Ces risques ont été confirmés par l'analyse détaillée menée par Ashwin Ramaswamy et ses collègues de l'Icahn School of Medicine. En testant 960 requêtes correspondant à 30 situations cliniques, les chercheurs ont révélé une fiabilité très inégale. Si l'IA oriente correctement les patients pour des soins de routine dans 96 % des cas, elle échoue à identifier l'urgence vitale dans 51,6 % des situations critiques. Par exemple, si elle reconnaît bien un AVC, elle livre des réponses erronées dans 84,8 % des cas d'asthme sévère et confond souvent l'acidocétose diabétique avec une simple hyperglycémie, préconisant alors une consultation non urgente. L'étude souligne également une défaillance inquiétante en santé mentale : l'IA peine parfois à percevoir une intention de passage à l'acte suicidaire, même quand elle est clairement exprimée, et omet alors de fournir les numéros d'aide psychologique. Paradoxalement, l'ajout de données médicales objectives (résultats biologiques, signes vitaux) dégrade parfois ses performances dans l'urgence. Seul point positif au milieu de ces constats : les chercheurs n'ont identifié aucun biais lié à d'autres caractéristiques telles que l'origine ethnique ou les problèmes d'assurance.

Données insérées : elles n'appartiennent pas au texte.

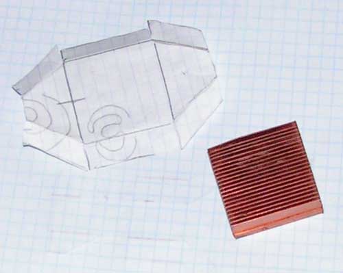 Она одевается на радиатор. В ней сверлятся два отверстия под штуцеры. Затем все спаивается. Идея мне понравилась и я стал более детально прорабатывать эскиз развертки корпуса будущего водоблока.
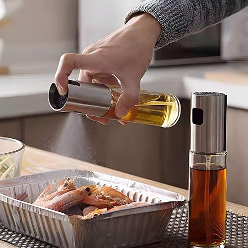 Retoo Pulvérisateur d'huile pour la cuisson - 100 m - En verre - Pour cuisine, huile, cuisine, huile d'olive, vinaigre pour salade, barbecue, pâtisserie, plastique - Transparent
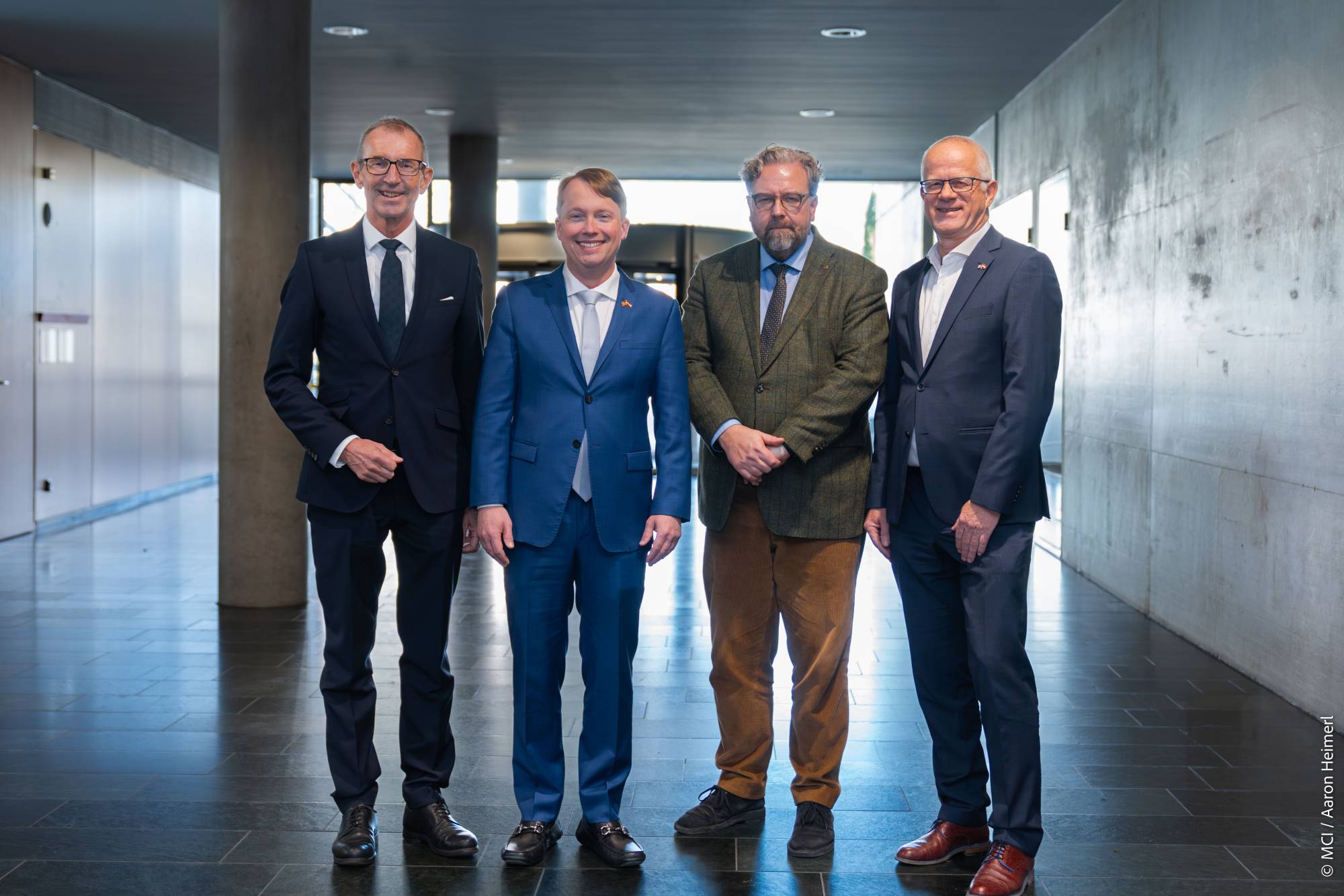Nach der Begrüßung durch MCI Rektor Andreas Altmann richteten Max Kloger, Präsident der Industriellenvereinigung Tirol und Dirk Rupnow, Vizerektor der Universität Innsbruck, ihre Grußworte an das Publikum und unterstrichen die Bedeutung des transatlantischen Austauschs auf wirtschaftlicher und akademischer Ebene.

Face à ces failles dans la gestion des situations extrêmes, les auteurs de l'étude estiment que ces IA devraient être soumises à des critères d'évaluation de sécurité aussi rigoureux que ceux des dispositifs médicaux avant toute commercialisation. "Compte tenu des implications directes pour la sécurité des patients en cas de situations d'urgence manquées, les IA de santé destinées aux consommateurs nécessitent une évaluation de sécurité avant leur commercialisation avec des critères équivalents aux dispositifs médicaux", concluent-ils.
Nous pouvons donc affirmer que ChatGPT Santé n'est encore qu'à l'aube de son développement. OpenAI privilégie pour l'instant un groupe restreint d'utilisateurs pilotes afin d'affiner l'expérience avant un déploiement global sur le web et iOS. S'il faut bien commencer quelque part pour progresser, il est légitime de s’interroger sur l’évolution future de cette technologie : deviendra-t-elle, à terme, un standard de fiabilité ? Rendez-vous dans dix ans pour en juger.